My teacher was disgusted. He said something to the effect of, "This is a writing practice that is called 'divine intervention'--a solution so unrealistic, contrived or disappointing that the reader is let down and the power of your writing is lost." It was true. I knew that the solution was very anticlimactic.
Still, it reminds me that in the reality of my life, divine intervention has been anything but disappointing and anticlimactic. God has reached down out of time and space, from the realms of glory, snatched me out of my impossible situation and set me on a rock. Divine intervention has been so amazing, so out of the expected and believable that the unbelievers around me can't object that God really has responded to me in such a way; they can't claim that I am no different than what I was before--so they either have to reject me or accept God. Unfortunately most reject me, but it is Jesus Christ who they reject ultimately.
I remember my brother-in-law giving us tickets for my birthday to see him and his singing group perform down in Lynnwood. We went, and among the songs they sang complete with smiles on their faces was one called, "It Ain't Necessarily So." This song discredited the stories of the Bible, such as Noah and the ark, and Jonah and the whale.

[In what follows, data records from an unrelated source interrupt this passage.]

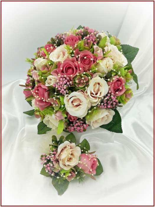 Antik-rózsaszínű-rózsákból álló örök-csokor + kitűzővel 191915_1.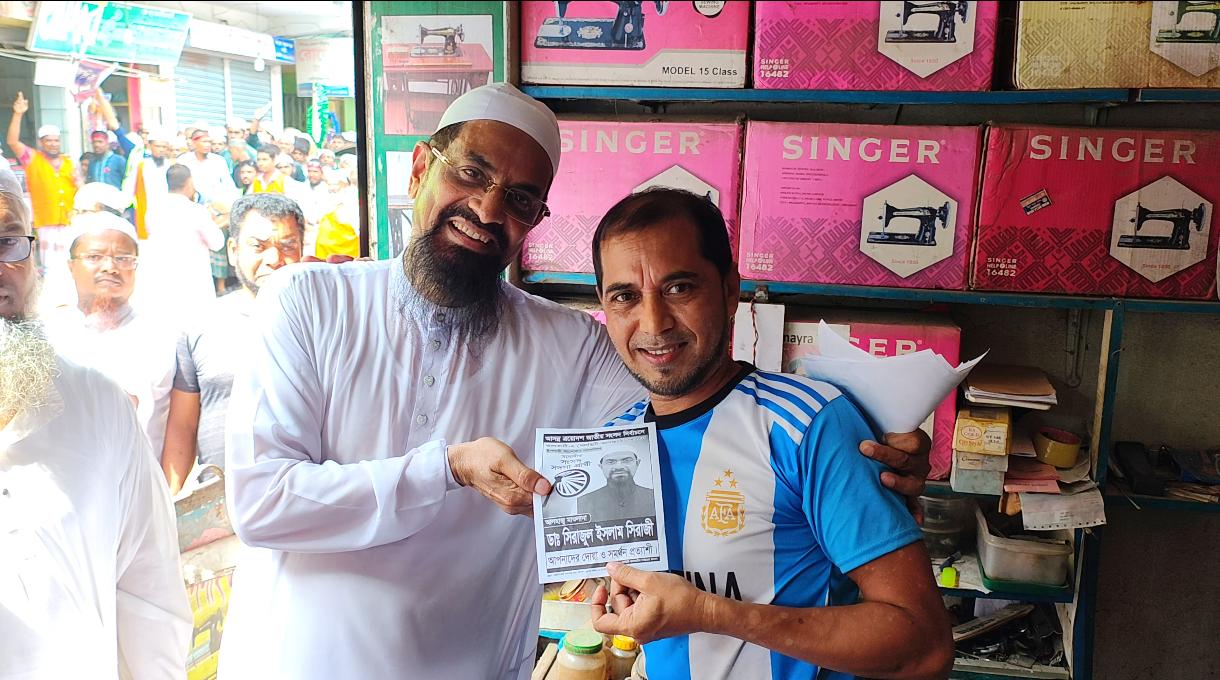 সিরাজুল ইসলাম উপজেলা চত্বর থেকে নেতাকর্মীদের সাথে নিয়ে পুরানবাজারসহ শহরের বিভিন্ন গুরুত্বপূর্ণ স্থানে সাধারণ মানুষজনের মাঝে হাত পাখা মার্কার লিফলেট বিতরণ করেন।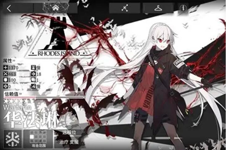 2. 角色定位:辅助型医疗干员。虽然在面对一些高阶战斗时,华法琳与一些六星医疗干员相比可能略显不足,但她的技能依然能在许多战斗中派上用场。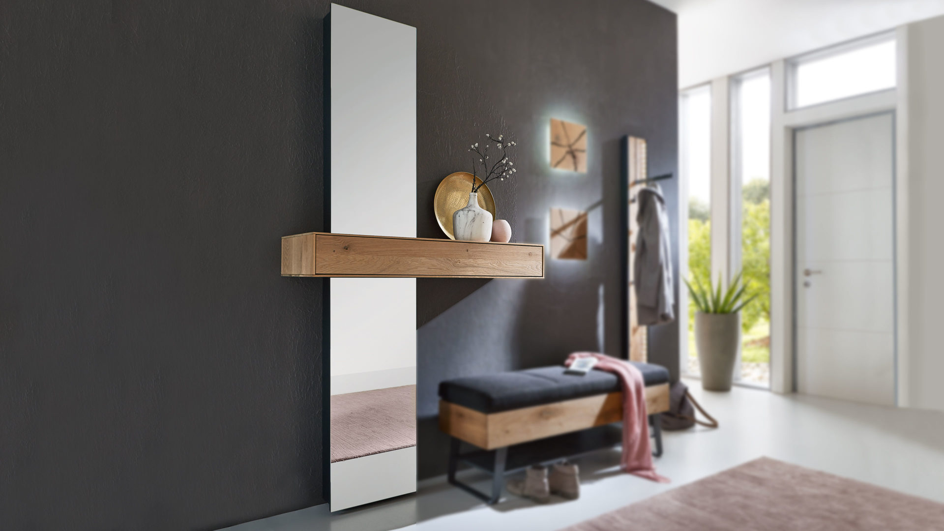 Oben befindet sich eine links angeschlagene Spiegeltür, hinter der drei Klarglasböden und sechs Schlüsselhaken für nützliche Aufbewahrungsmöglichkeiten sorgen. In der Mitte offenbart das Garderobenelement eine Schublade. Demnach bietet der Dielenschrank viel licht- und staubgeschützten Raum für kleinere Gegenstände im Flur. Den unteren Bereich nimmt ein fester Spiegel ein. Die Maße des speziellen, absolut faszinierenden Spiegelschranks betragen ca. 108 x 206 x 39 cm (BxHxT). Ergänzend stehen gegen Mehrpreis eine akzentuierende Innenraumbeleuchtung sowie eine Steckdoseneinheit mit USB-Anschluss zur Verfügung.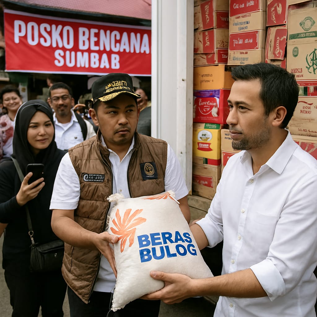 Pejabat daerah menyerahkan beras Bulog di Posko Bencana Sumbar, simbol solidaritas pemulihan pascabencana (Potret Digital: DM).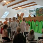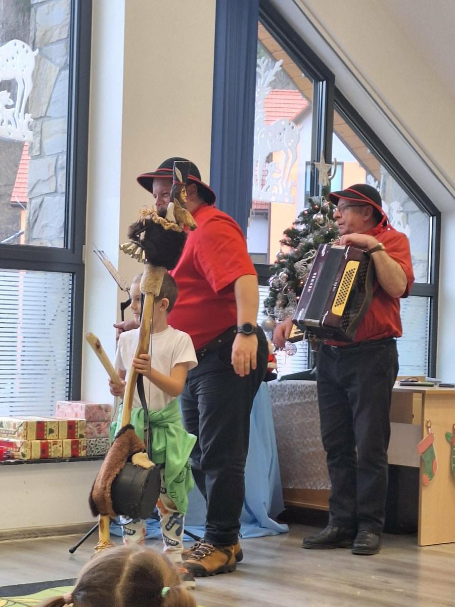 Przed świętami gościliśmy w przedszkolu Zespół Artystyczny „Roztoka” w składzie Roman, Marcin i Łukasz Kos. Panowie przedstawili historie, która oparta jest na opowieści o narodzinach Jezusa.
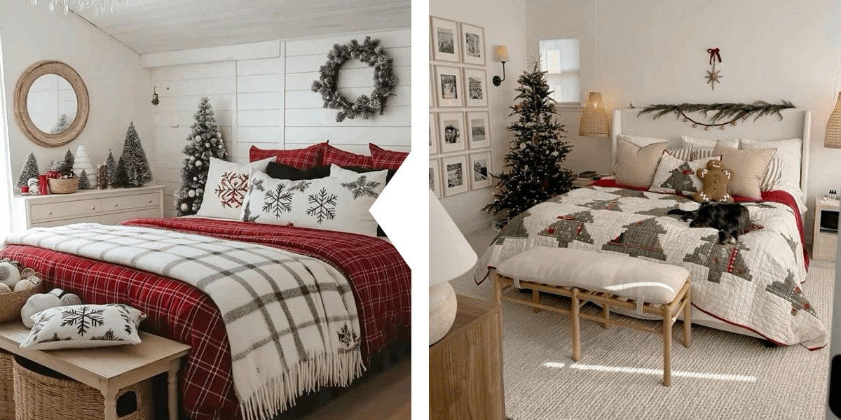 Замени обычное одеяло более праздничным красным и подбери новогодние чехлы для декоративных подушек. Однотонное постельное белье советуем заменить моделью в клетку. Идеально подойдут комплекты в красно-зелено-белом цвете.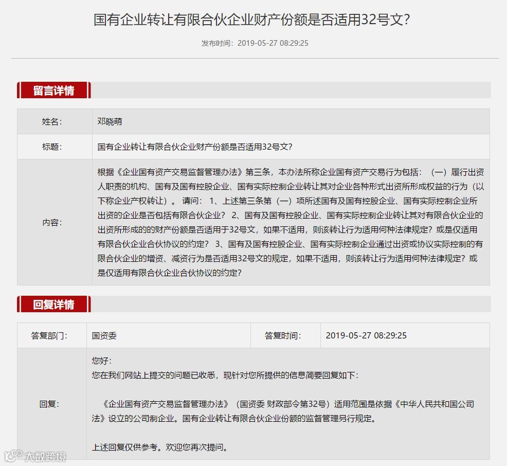 另一次是2019年5月27日对公众留言问题“国有企业转让有限合伙企业财产份额是否适用32号文”所作的回复:32号令适用范围是依据《中华人民共和国公司法》设立的公司制企业,国有企业转让有限合伙企业份额的监督管理另行规定。据此可以明确,有限合伙企业不属于32号令规定的企业范畴。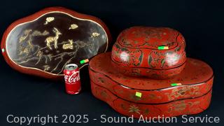 Lot #0020: 3 Vintage Enameled Asian/Oriental Trinket Boxes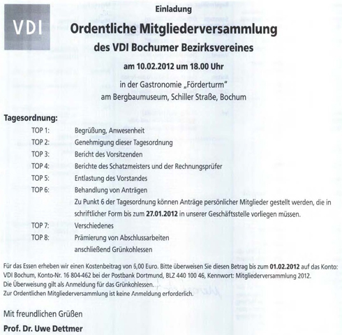 Der langjährige Kassenprüfer Dipl.-Ing. Franz Böttcher wird in Abwesenheit mit der Ehrenmedaille des VDI für seine langjährige erfolgreiche Tätigkeit im Bochumer Bezirksverein geehrt

How can an unbeliever believe such amazing stories? They're amazing because God has suspended the usual order of the universe in order to perform His will in His power. It isn't something that most people have observed, or if they have they may have explained it away rather than attribute it to God. I remember telling him that the ramifications of that song are enormous--it makes God out to be a liar; if it weren't so then nothing in the Bible is believable and all humanity is hopeless. My protests fell on deaf ears, nay, dead ears; he doesn't have any problem considering God a liar and humanity hopeless--it's his deplorable condition; he hasn't received God's grace, yet.
Until a person experiences it for himself, I can see that God's grace and mercy in a person's life falls into the same category as the miracles in the Bible. People who have never seen God act thus tend to explain the miracles away in scientific terms until there is nothing really out of the ordinary in them after all; and yet, sometimes the changed person is the best argument for God's truth that exists. How does a person change his ways? How does the addict become free, the angry, violent person become gentle, the whining complainer become joyful? God can make it happen, and He does. The unbeliever can't deny it, and so he has two choices: he either responds to God or rejects the Christian. It's his choice, but the choice is clear and the benefit is as visible as the changes he observes in the Christian.
I thank God for His intervention in my life. It is hardly disappointing, and I didn't do anything to deserve it. It was bestowed on me for reasons that I can't fully understand, out of His lovingkindness, and I would never go back to my impossible situation. His intervention is available to everyone who will accept it; there is no better option than to accept what He so willingly bestows. "Praise be to God for His indescribable gift!"